> [Try it]: Write out the listing from the line with "Le dispositif évoque" to the line with "Mit dieser Railnscale", both lines included, exactly and nothing beyond. Leave pictures out.

> [Data to examine]:
==============================

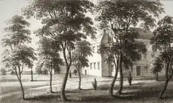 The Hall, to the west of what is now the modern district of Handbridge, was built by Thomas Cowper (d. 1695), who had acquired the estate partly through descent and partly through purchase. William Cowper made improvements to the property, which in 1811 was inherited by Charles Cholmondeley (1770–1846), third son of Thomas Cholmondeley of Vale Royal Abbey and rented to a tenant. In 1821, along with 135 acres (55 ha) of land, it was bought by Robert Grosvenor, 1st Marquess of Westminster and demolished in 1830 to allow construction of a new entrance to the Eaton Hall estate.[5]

==============================

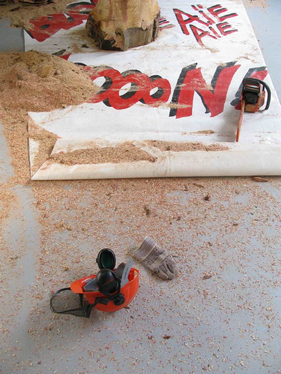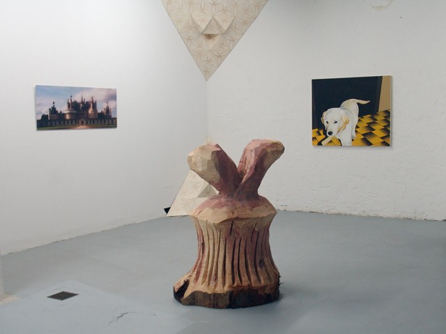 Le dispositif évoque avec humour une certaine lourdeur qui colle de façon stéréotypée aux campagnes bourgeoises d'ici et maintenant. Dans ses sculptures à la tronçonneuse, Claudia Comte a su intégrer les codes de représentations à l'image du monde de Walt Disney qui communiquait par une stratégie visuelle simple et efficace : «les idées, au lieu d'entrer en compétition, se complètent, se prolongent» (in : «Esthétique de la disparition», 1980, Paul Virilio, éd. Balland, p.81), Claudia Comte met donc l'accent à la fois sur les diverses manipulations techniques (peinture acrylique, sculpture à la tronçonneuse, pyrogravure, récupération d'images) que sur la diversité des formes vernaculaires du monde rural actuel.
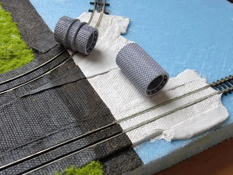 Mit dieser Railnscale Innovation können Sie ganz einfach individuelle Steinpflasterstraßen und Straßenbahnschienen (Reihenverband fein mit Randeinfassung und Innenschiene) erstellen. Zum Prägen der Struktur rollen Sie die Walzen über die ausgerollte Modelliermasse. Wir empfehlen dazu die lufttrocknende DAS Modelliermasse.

==============================

> [Task answer]:
 Le dispositif évoque avec humour une certaine lourdeur qui colle de façon stéréotypée aux campagnes bourgeoises d'ici et maintenant. Dans ses sculptures à la tronçonneuse, Claudia Comte a su intégrer les codes de représentations à l'image du monde de Walt Disney qui communiquait par une stratégie visuelle simple et efficace : «les idées, au lieu d'entrer en compétition, se complètent, se prolongent» (in : «Esthétique de la disparition», 1980, Paul Virilio, éd. Balland, p.81), Claudia Comte met donc l'accent à la fois sur les diverses manipulations techniques (peinture acrylique, sculpture à la tronçonneuse, pyrogravure, récupération d'images) que sur la diversité des formes vernaculaires du monde rural actuel.
 Mit dieser Railnscale Innovation können Sie ganz einfach individuelle Steinpflasterstraßen und Straßenbahnschienen (Reihenverband fein mit Randeinfassung und Innenschiene) erstellen. Zum Prägen der Struktur rollen Sie die Walzen über die ausgerollte Modelliermasse. Wir empfehlen dazu die lufttrocknende DAS Modelliermasse.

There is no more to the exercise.